[Opening Supplied data section]

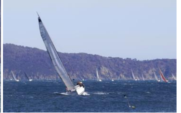
Arrivées à Cavalaire
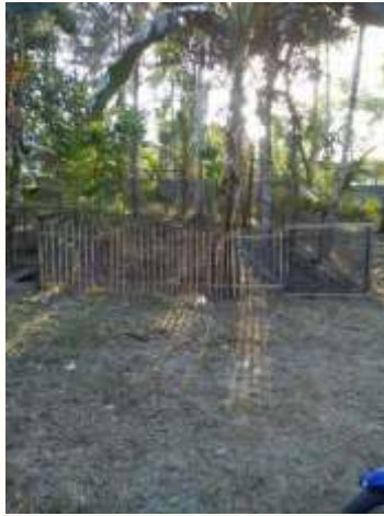
a. Lahan Penanaman TOGA tampak depan
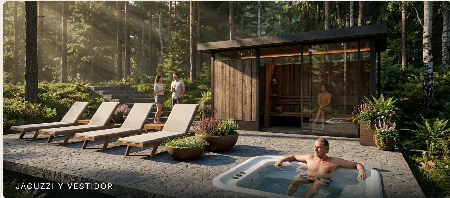
JACUZZI Y VESTIDOR
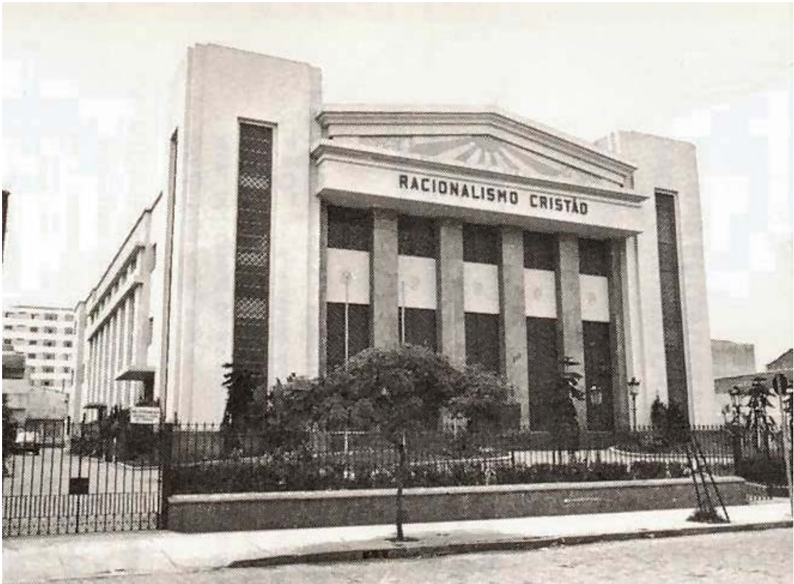
Sede da Filial São Paulo, em Santana, São Paulo

[Closing Supplied data section]

** Work to be completed **
Return the data exactly as it stands, minus the pictures.

** Your solution **
Arrivées à Cavalaire
a. Lahan Penanaman TOGA tampak depan
JACUZZI Y VESTIDOR
Sede da Filial São Paulo, em Santana, São Paulo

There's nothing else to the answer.